**EXERCISE GOAL:** Apart from the pictures, write out all the records exactly.

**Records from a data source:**
*** Begin section ***
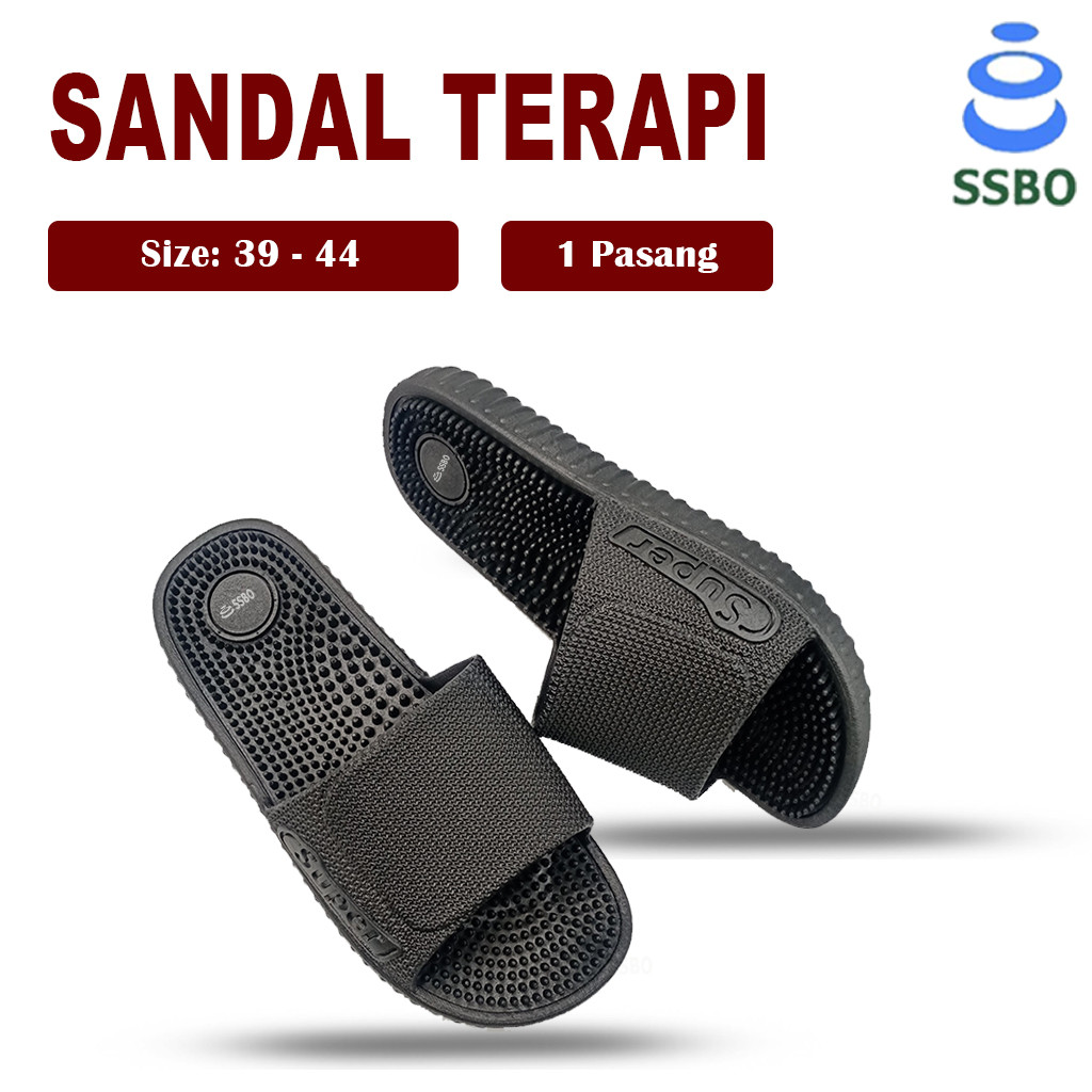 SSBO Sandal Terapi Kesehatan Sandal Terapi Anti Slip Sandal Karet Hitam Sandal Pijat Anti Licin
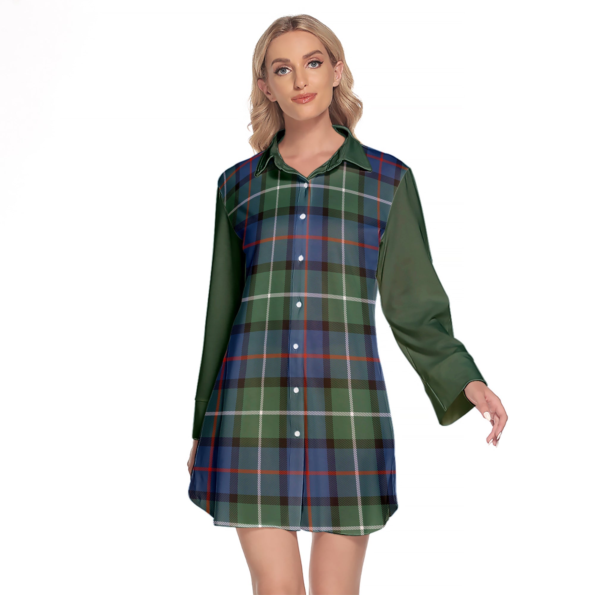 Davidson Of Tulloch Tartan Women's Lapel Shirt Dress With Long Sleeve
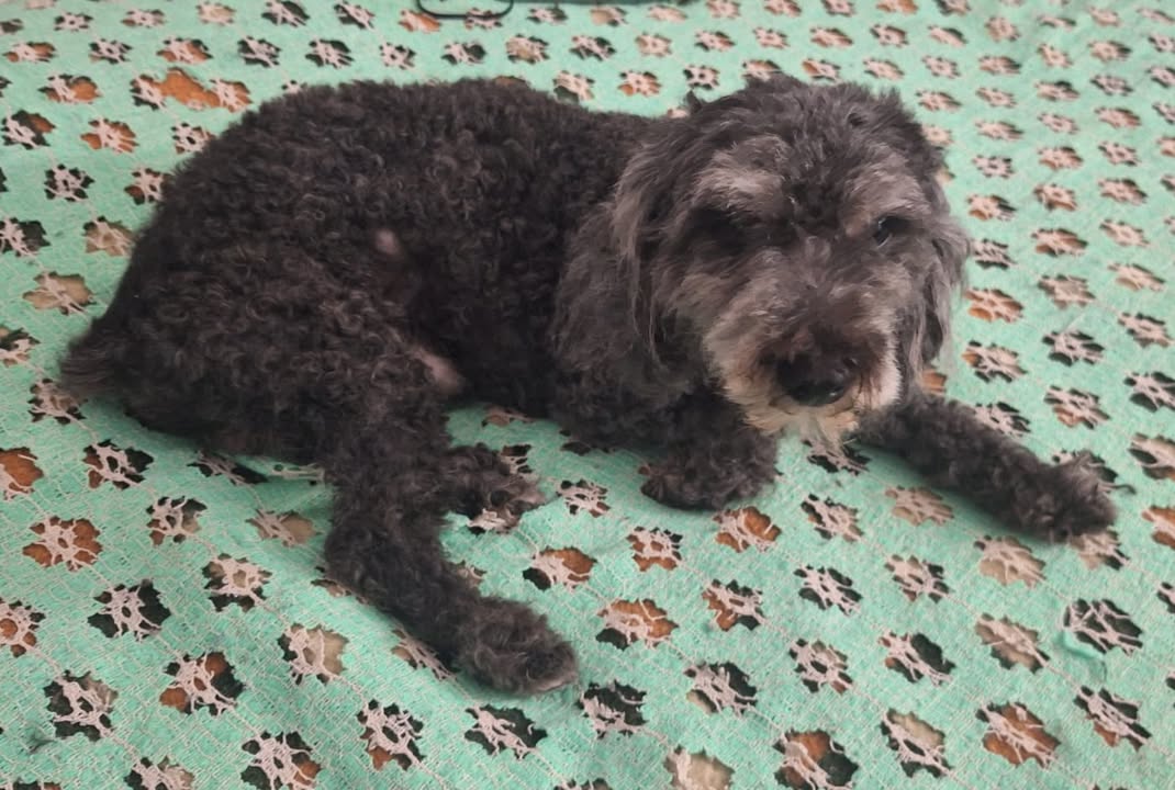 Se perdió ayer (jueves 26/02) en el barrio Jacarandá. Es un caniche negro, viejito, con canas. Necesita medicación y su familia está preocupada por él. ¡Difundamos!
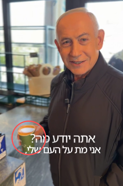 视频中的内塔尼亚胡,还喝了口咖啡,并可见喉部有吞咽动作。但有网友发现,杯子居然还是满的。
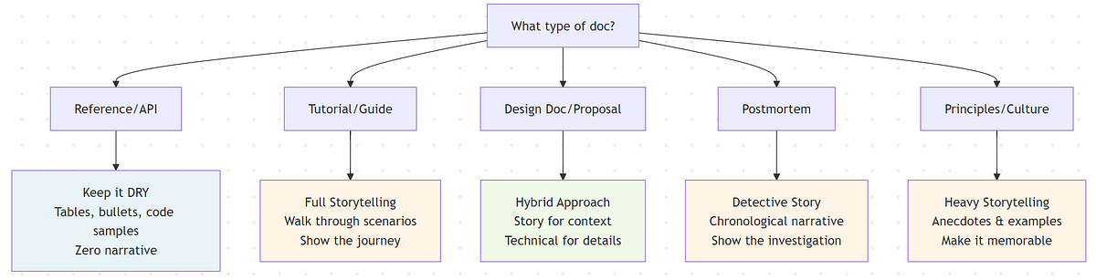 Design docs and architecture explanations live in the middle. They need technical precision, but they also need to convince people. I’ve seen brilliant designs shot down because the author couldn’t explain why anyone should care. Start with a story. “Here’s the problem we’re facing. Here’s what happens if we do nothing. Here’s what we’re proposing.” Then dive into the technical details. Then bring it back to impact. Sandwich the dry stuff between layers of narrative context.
*** End section ***
**RESULT OF THE EXERCISE:**
 SSBO Sandal Terapi Kesehatan Sandal Terapi Anti Slip Sandal Karet Hitam Sandal Pijat Anti Licin
 Davidson Of Tulloch Tartan Women's Lapel Shirt Dress With Long Sleeve
 Se perdió ayer (jueves 26/02) en el barrio Jacarandá. Es un caniche negro, viejito, con canas. Necesita medicación y su familia está preocupada por él. ¡Difundamos!
 视频中的内塔尼亚胡,还喝了口咖啡,并可见喉部有吞咽动作。但有网友发现,杯子居然还是满的。
 Design docs and architecture explanations live in the middle. They need technical precision, but they also need to convince people. I’ve seen brilliant designs shot down because the author couldn’t explain why anyone should care. Start with a story. “Here’s the problem we’re facing. Here’s what happens if we do nothing. Here’s what we’re proposing.” Then dive into the technical details. Then bring it back to impact. Sandwich the dry stuff between layers of narrative context.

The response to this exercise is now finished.